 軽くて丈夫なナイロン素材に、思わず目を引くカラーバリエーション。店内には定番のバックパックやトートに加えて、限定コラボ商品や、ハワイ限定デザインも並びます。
******************************
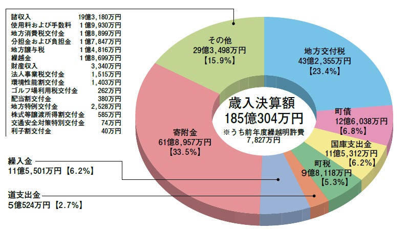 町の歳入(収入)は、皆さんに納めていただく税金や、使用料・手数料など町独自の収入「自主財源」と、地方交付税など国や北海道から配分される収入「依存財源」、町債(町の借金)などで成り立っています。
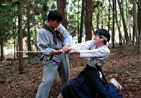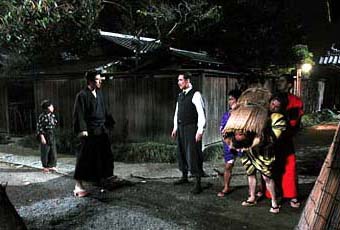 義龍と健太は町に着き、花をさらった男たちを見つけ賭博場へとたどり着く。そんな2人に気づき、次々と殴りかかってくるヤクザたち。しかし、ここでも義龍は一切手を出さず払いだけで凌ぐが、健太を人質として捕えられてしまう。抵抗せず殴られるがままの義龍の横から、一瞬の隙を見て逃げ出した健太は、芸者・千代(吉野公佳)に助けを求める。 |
******************************
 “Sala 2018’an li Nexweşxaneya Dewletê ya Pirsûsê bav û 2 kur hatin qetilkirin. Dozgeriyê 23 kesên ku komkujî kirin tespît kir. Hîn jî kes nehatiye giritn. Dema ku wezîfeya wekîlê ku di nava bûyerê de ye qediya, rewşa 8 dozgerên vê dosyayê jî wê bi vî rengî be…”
******************************
▸ **Task goal**
In the records above, find the line with "町の歳入(収入)は、皆さんに" and the line with "義龍と健太は町に着き、花をさ". Write out exactly those lines and every one between, with no pictures and no other lines.

▸ **Exercise output**
 町の歳入(収入)は、皆さんに納めていただく税金や、使用料・手数料など町独自の収入「自主財源」と、地方交付税など国や北海道から配分される収入「依存財源」、町債(町の借金)などで成り立っています。
 義龍と健太は町に着き、花をさらった男たちを見つけ賭博場へとたどり着く。そんな2人に気づき、次々と殴りかかってくるヤクザたち。しかし、ここでも義龍は一切手を出さず払いだけで凌ぐが、健太を人質として捕えられてしまう。抵抗せず殴られるがままの義龍の横から、一瞬の隙を見て逃げ出した健太は、芸者・千代(吉野公佳)に助けを求める。 |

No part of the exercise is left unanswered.